"""

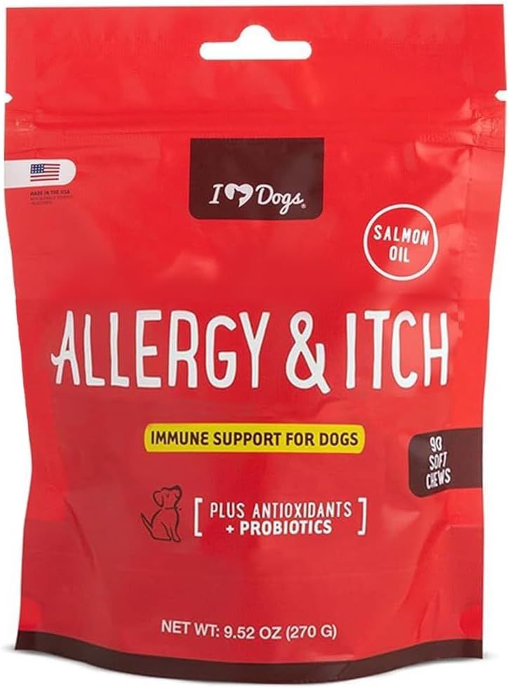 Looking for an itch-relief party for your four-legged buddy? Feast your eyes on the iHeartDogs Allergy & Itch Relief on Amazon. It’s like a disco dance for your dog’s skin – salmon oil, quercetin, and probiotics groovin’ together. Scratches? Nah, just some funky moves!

"""
"""

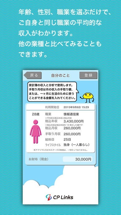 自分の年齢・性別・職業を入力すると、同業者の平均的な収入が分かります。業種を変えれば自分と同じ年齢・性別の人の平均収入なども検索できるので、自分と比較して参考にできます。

"""
"""

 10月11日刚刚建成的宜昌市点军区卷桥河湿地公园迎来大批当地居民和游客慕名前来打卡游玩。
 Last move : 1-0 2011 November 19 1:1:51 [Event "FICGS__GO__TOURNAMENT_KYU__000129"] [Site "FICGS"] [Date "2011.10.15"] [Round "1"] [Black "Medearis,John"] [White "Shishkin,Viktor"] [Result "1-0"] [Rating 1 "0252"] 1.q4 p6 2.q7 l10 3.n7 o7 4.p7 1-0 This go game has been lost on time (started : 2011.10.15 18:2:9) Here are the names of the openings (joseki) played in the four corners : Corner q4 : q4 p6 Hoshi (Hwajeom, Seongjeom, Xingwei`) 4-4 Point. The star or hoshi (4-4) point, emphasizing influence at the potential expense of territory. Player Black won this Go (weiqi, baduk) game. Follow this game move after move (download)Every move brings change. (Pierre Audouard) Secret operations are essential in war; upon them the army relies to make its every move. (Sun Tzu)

"""

What to produce:
Out of the material above, output word for word the line with "10月11日刚刚建成的宜昌市", the line with "Last move : 1-0", and all lines between them, with nothing else.

Task answer:
 10月11日刚刚建成的宜昌市点军区卷桥河湿地公园迎来大批当地居民和游客慕名前来打卡游玩。
 Last move : 1-0 2011 November 19 1:1:51 [Event "FICGS__GO__TOURNAMENT_KYU__000129"] [Site "FICGS"] [Date "2011.10.15"] [Round "1"] [Black "Medearis,John"] [White "Shishkin,Viktor"] [Result "1-0"] [Rating 1 "0252"] 1.q4 p6 2.q7 l10 3.n7 o7 4.p7 1-0 This go game has been lost on time (started : 2011.10.15 18:2:9) Here are the names of the openings (joseki) played in the four corners : Corner q4 : q4 p6 Hoshi (Hwajeom, Seongjeom, Xingwei`) 4-4 Point. The star or hoshi (4-4) point, emphasizing influence at the potential expense of territory. Player Black won this Go (weiqi, baduk) game. Follow this game move after move (download)Every move brings change. (Pierre Audouard) Secret operations are essential in war; upon them the army relies to make its every move. (Sun Tzu)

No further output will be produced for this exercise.